The folding silk fan with mostly whale bone components in the Whangarei Museum storeroom. Photo / Supplied
The recent renewal of a display on whales in Whangarei Harbour required a sojourn into Whangarei Museum's textiles storeroom.
What do textiles have to do with whales you may think?
Well, among the life jackets, military uniforms, linen samplers, furs, and silks is a collection of dainty ladies' accessories. While many of the hardwearing parts of these accessories are made from wood, Bakelite, and other plastics, much like today, most of the earlier pieces are composed of whale bone.
Several silk fans stood out in their delicate splendour, featuring tiny sequins, gilt, fine netting, hand-painted scenes, and ornately carved whale bone handles.
One such selected for the whale display is from a collection of 15 oriental and European fans bought by Alison Moor on a trip to England in the 1930s. Mrs Moor's niece, Dr K Bowden, donated this collection to Whangarei Museum in 2004.
This particular folding fan (2004.53.5) is in the French style, with lush hand-painted garlands of flowers and leaves, gold borders, and a central 18th century style painting, marked by "R. Serond".
The painted scene is a classic idyllic and romantic scene often seen on this period of French fans. It depicts a couple, likely in love, sitting in a garden and accented by doves recently released from their cage.
The materials and decoration of this fan suggest it was crafted within the 19th to late 20th centuries, although its date is unknown.
Fans have been around for thousands of years and quickly developed into an intricate art form, from a functional item to a fashion accessory indicative of wealth and social class.
Early Egyptian, Asian, and European fans were leather or cloth hand screens with wooden sticks, trimmed with feathers. More varied materials were explored in the 1500s-1700s, and some of the most ornate were represented in Queen Elizabeth I's wardrobe.
At her death, Elizabeth I left 27 fans, some of which are described as having gold montures (sticks and side guards) set with rubies, emeralds, and diamonds and dyed feathers. Others of this period were made with ivory or tortoiseshell montures and silk, paper, or leather cut to imitate lace, and were sewn with inserts of mica to make them shimmer when fanned.
In the mid-1700s, printed fans were mass produced to reach the lower end of the market. The ivory, tortoiseshell, or mother of pearl montures of the 18th century are more ornamental, decorated with carved relief or piqué with silver or gold, or alternated with wood to striking effect.
Folding hand fans continued to be made and used in much the same way throughout the 19th century varying with fashion trends. At the turn of the 20th century, fans were smaller but still popular fashionable accessories until the practicalities brought by WWI.

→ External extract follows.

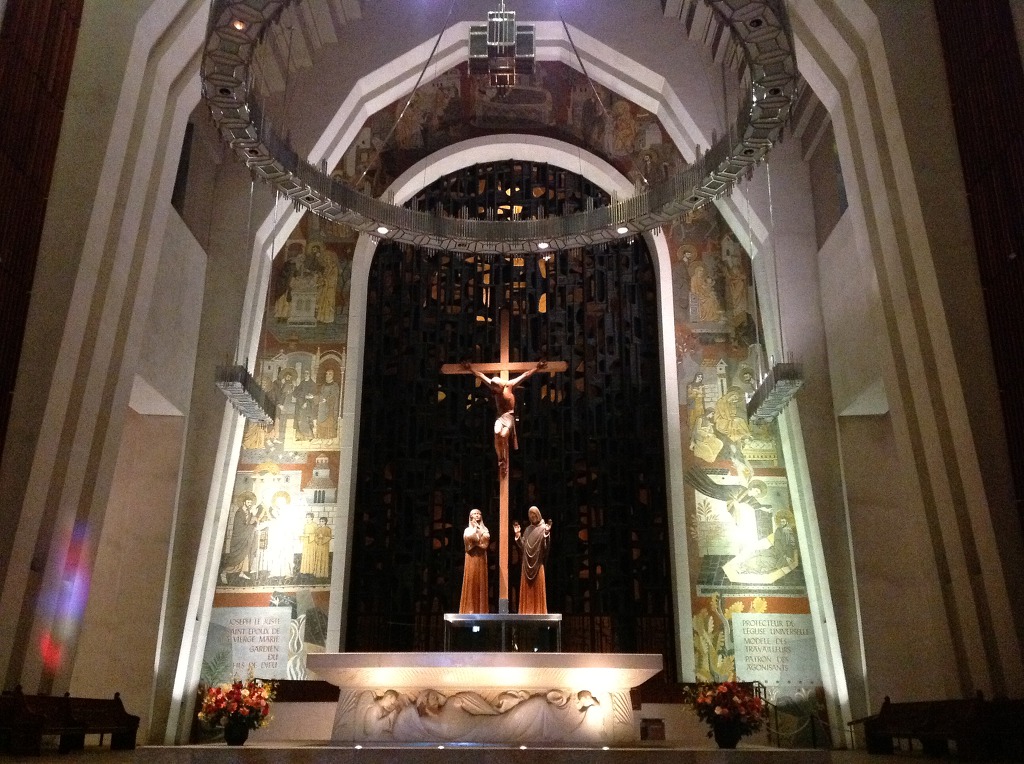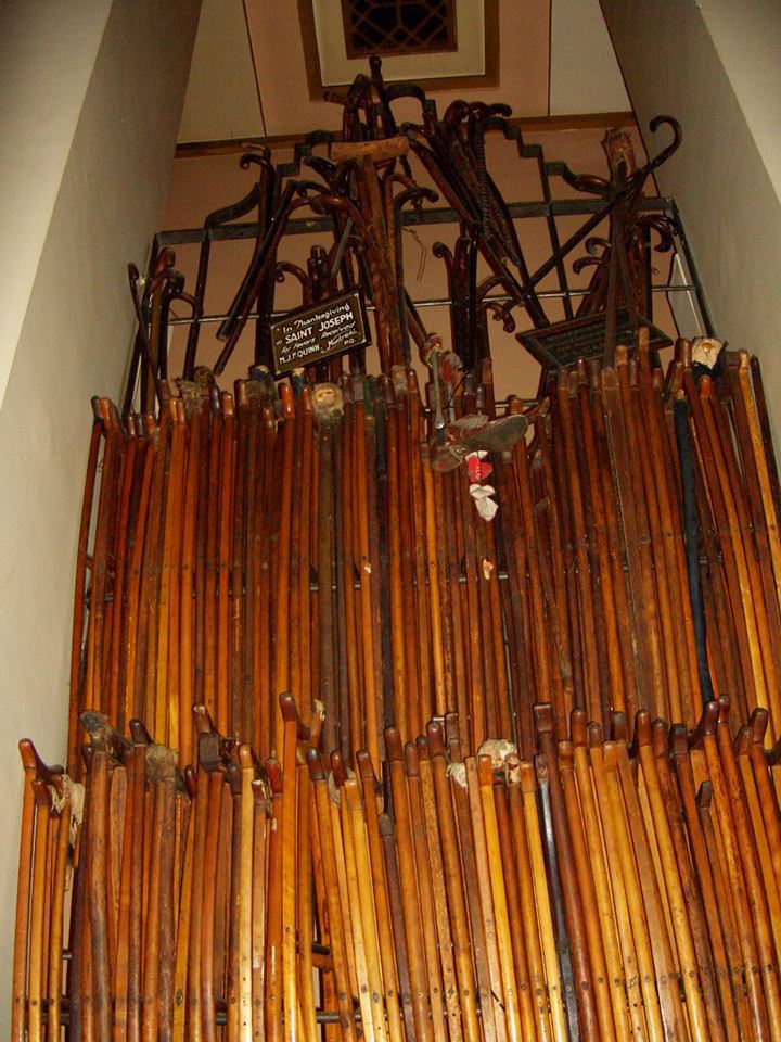 성당 내부는 개방형 구조로 밝게 불을 밝혀 놓았다. 각이 진 아치가 신랑을 따라 죽 이어지며, 색색의 조명이 높은 천장에 생기를 더한다. 앙드레 수사는 생전에 치유력이 있는 것으로 명성이 높았으며 나중에 성인의 반열에 올랐다고 한다. 성당 안을 둘러보면 그의 특별한 재능을 기념하여 벽에 목발이 걸려 있는 것을 볼 수 있다.
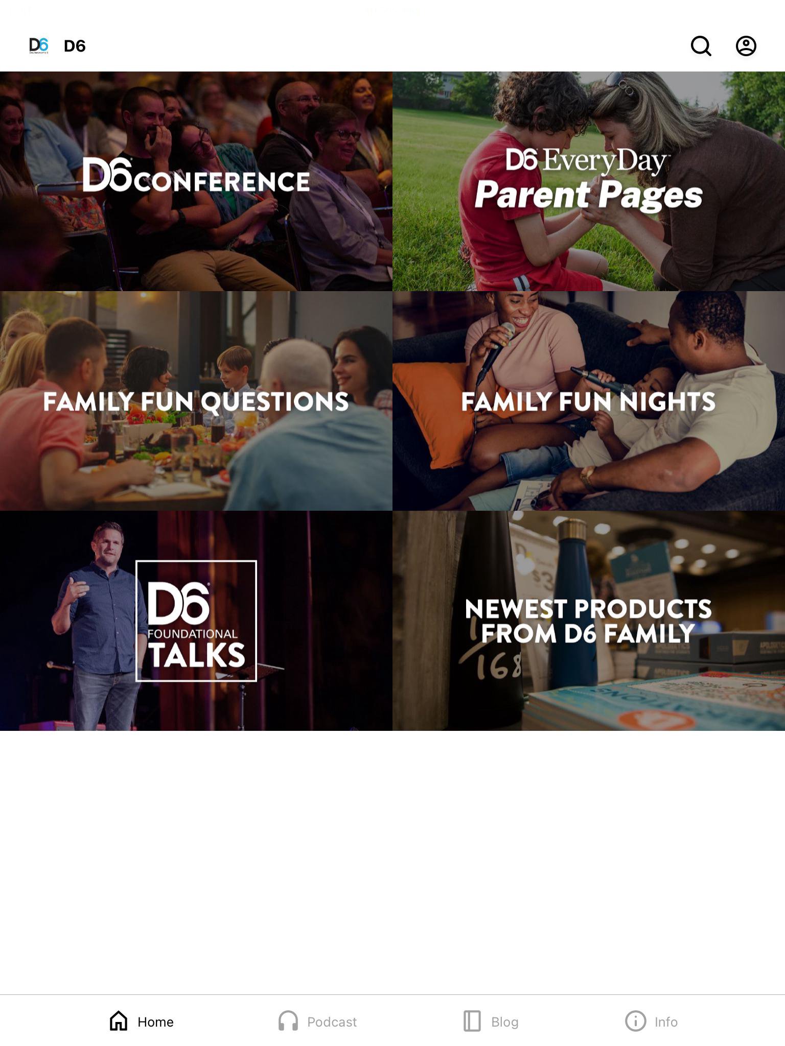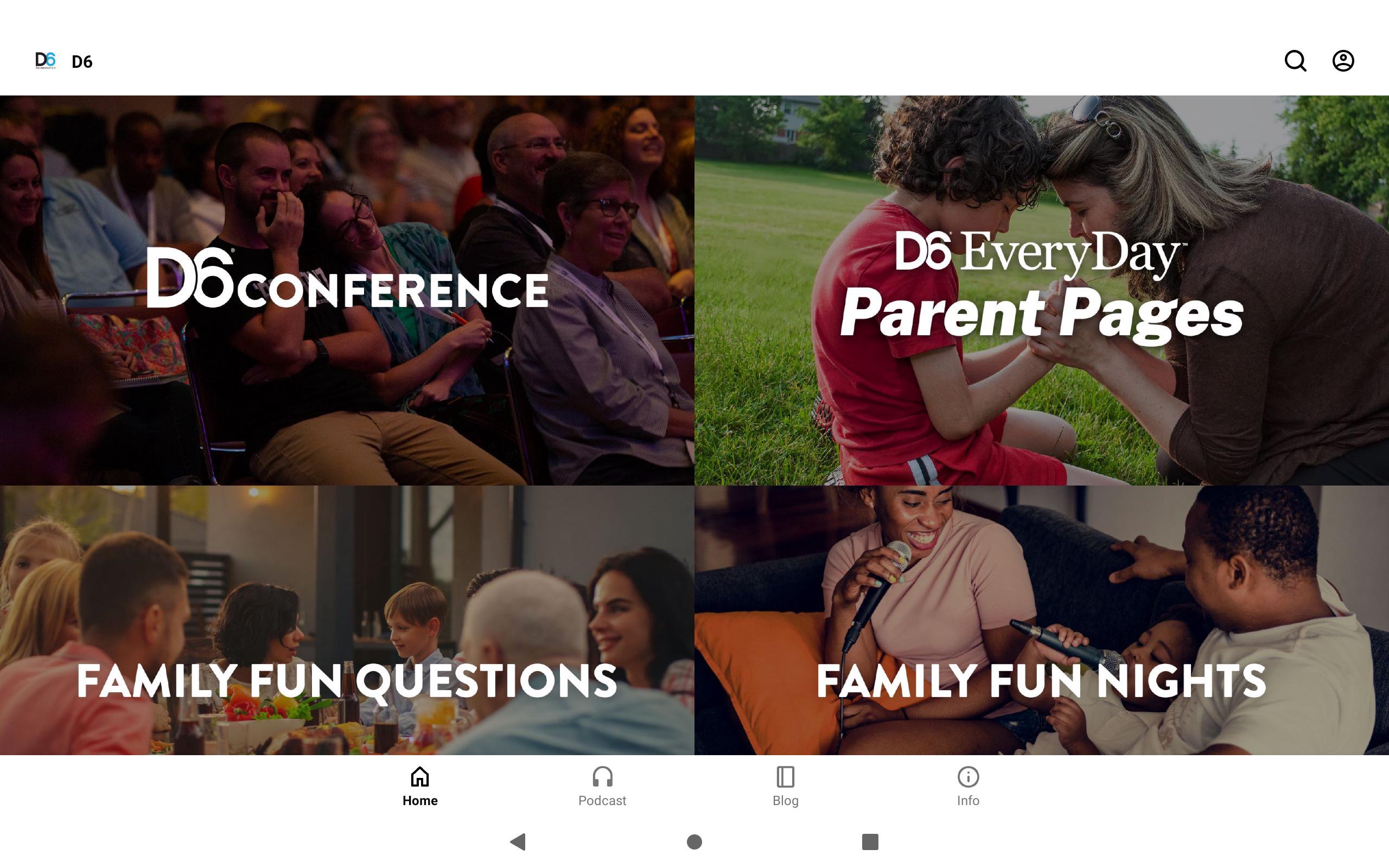 Based on Deuteronomy 6, D6 is the leading voice in family ministry. Scripture teaches that parents are the primary disciplers of their children. Updated weekly, this app delivers resources designed to equip you for generational discipleship. D6 Resources Included: - Family Fun Questions - Home Connection - Family Fun Nights - Foundational Talks - D6 FaPodcast - Blog - And more!

A small revival in the 1920s was the last serious period where folding fans were used, but their impracticality and frippery finally weighed out in the face of electric fans and a modern lifestyle.
All of this decoration required much planning and care in the workshop, which interestingly often employed female staff to glue, mount, fold, and paint various styled and sized fans.
Ivory for montures was often imported from as far as China. By 1800 the whaling industry was well set up in New Zealand waters and provided a steady import of whale oil, meat, ivory, and bone into the European market.
The large quantity of bone and ivory produced from a single whale means that many ladies and gentlemen strolling around the streets of Europe were adorned with accessories (clips, buttons, stays, walking sticks, umbrellas) constructed from New Zealand whale bone.
Possibly even our silk folding fan, now on display, has a handle of New Zealand whale bone which was brought home with Mrs Moor in 1930.